REQUIRED WORK
Instruction for the listing below: copy exactly, and only, the lines from the one holding "easy and enjoyable." through its last line, omitting any picture.
### DATA SUPPLIED ###
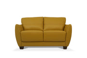 Assembled, Loose Back & Tight Seat Cushion (2+2) •• CONSTRUCTION •• SEAT: Webbing; Inside Frame: Wood, Same Tone Stitching, Box Cushion • BACKREST: Loose Cushion • ARMREST: Flared Style (Slightly Sloped on Top), Arm Size: 6 Inches • Wooden Block LEG: Dark Walnut Finish; Leg Size: 3 Inches ••• Material: Leather (Solid Pattern) • Pillow NOT Included
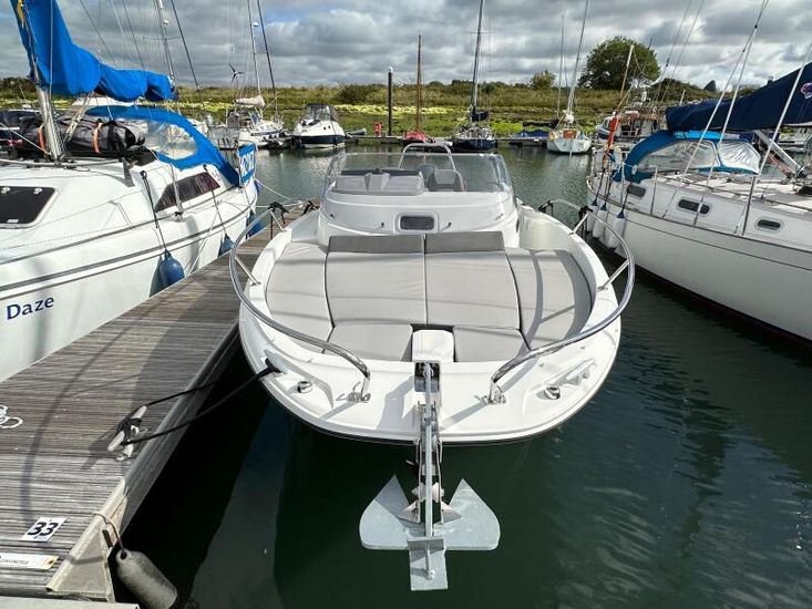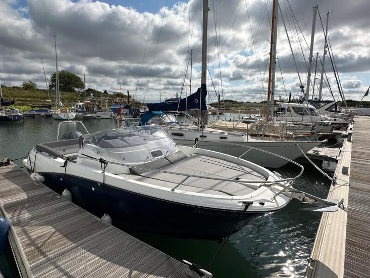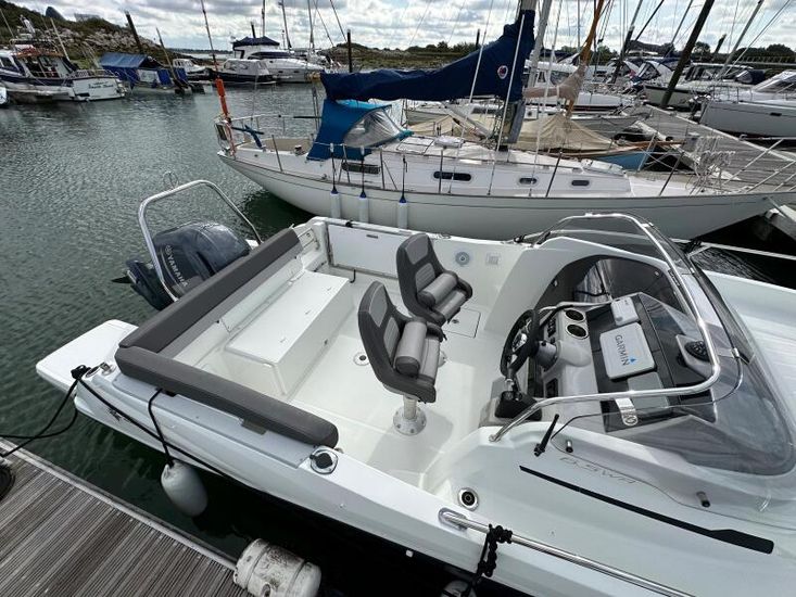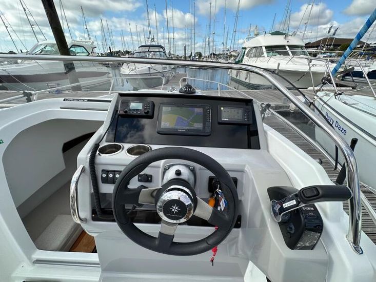 "Ginvincible" is a 2019 version of the Cap Camarat 6.5WA is a great all rounder, with good performance from her 150hp Yamaha Electronic Shift engine coupled with the ski arch, s/steel swim steps and cockpit shower making water sports easy and enjoyable.
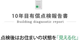 点検の結果を4段階の評価基準に基づいて各部位ごとに評価し、状況写真とともに「10年目有償点検報告書」としてご提出いたします。この報告書を基に、お客様に必要なメンテナンス工事をご提案させていただきます。
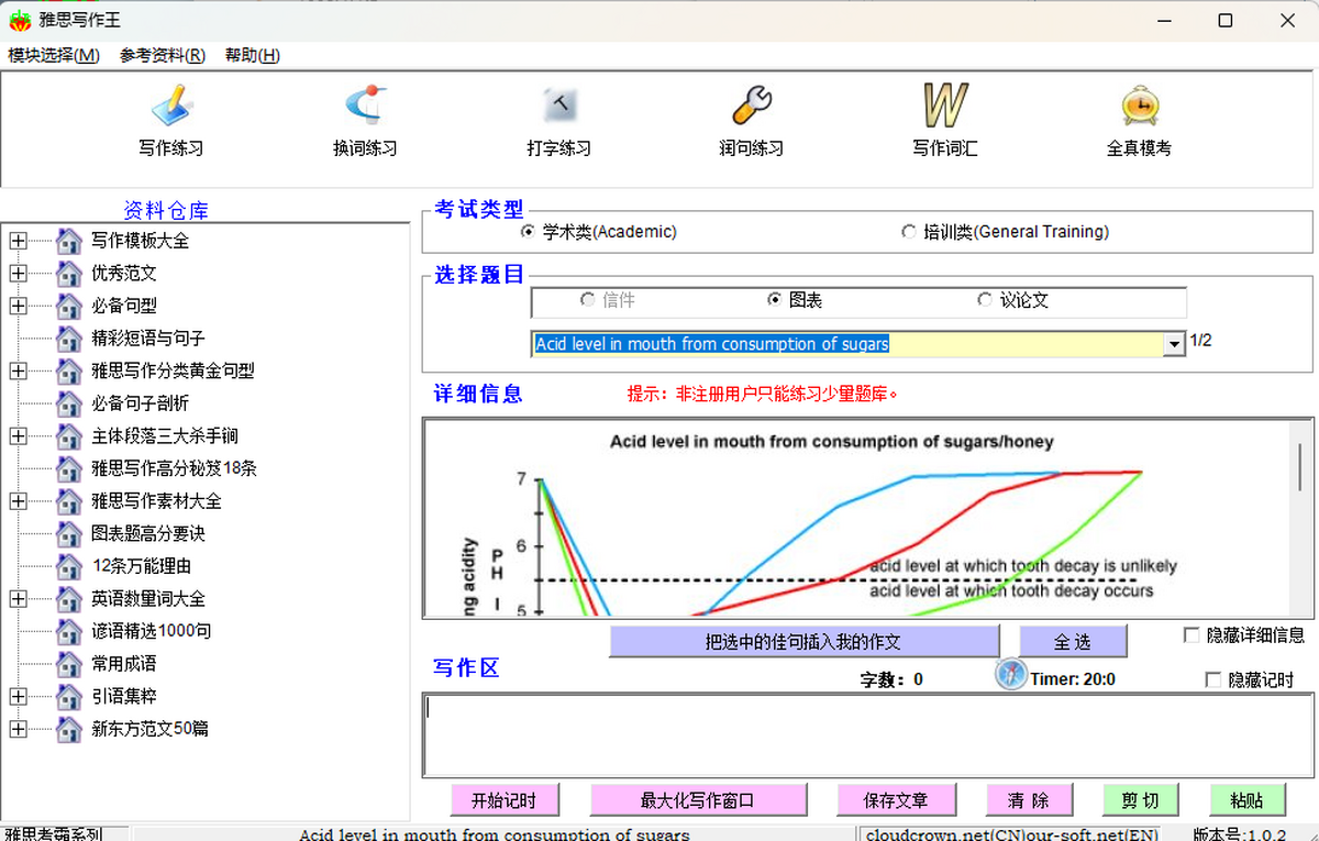 全球第一家专门为提高雅思机考写作速度而配备的强大打字训练功能。包含指法练习(小写练习、大写练习、数字练习、标点练习)、王玉梅单词打字练习、满分范文打字练习、小鸟啄食游戏。
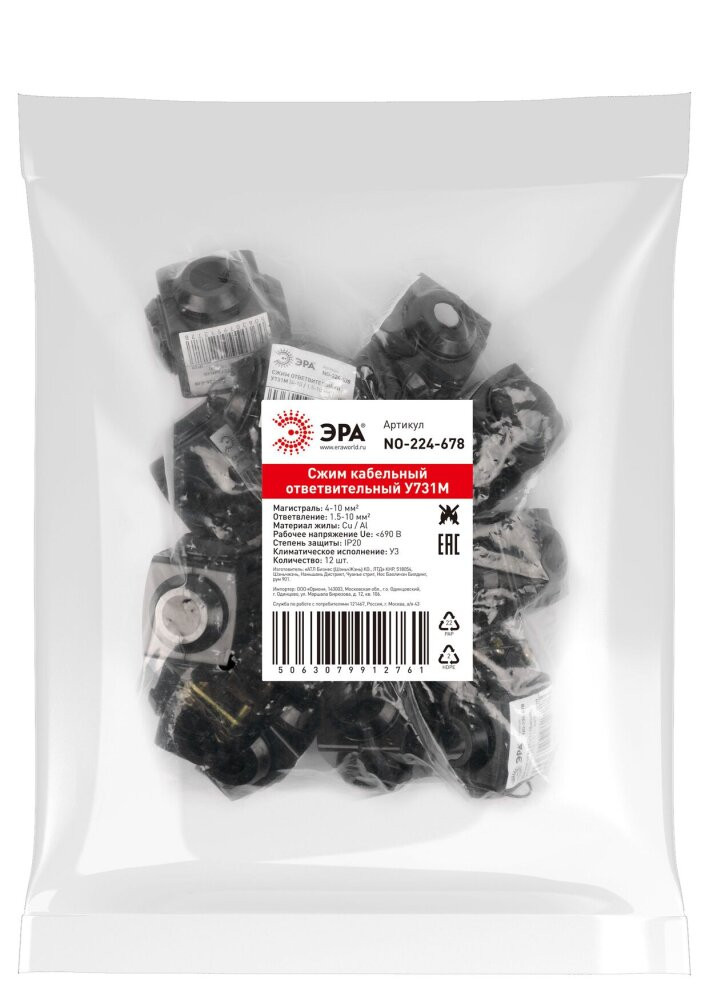 Полное описание товара Сжим ответвительный кабельный У731М 4-10/1.5-10 мм2 NO-224-678 IP20 (ЭРА) Б0067843
###
ANSWER FOR THE TASK
 "Ginvincible" is a 2019 version of the Cap Camarat 6.5WA is a great all rounder, with good performance from her 150hp Yamaha Electronic Shift engine coupled with the ski arch, s/steel swim steps and cockpit shower making water sports easy and enjoyable.
 点検の結果を4段階の評価基準に基づいて各部位ごとに評価し、状況写真とともに「10年目有償点検報告書」としてご提出いたします。この報告書を基に、お客様に必要なメンテナンス工事をご提案させていただきます。
 全球第一家专门为提高雅思机考写作速度而配备的强大打字训练功能。包含指法练习(小写练习、大写练习、数字练习、标点练习)、王玉梅单词打字练习、满分范文打字练习、小鸟啄食游戏。
 Полное описание товара Сжим ответвительный кабельный У731М 4-10/1.5-10 мм2 NO-224-678 IP20 (ЭРА) Б0067843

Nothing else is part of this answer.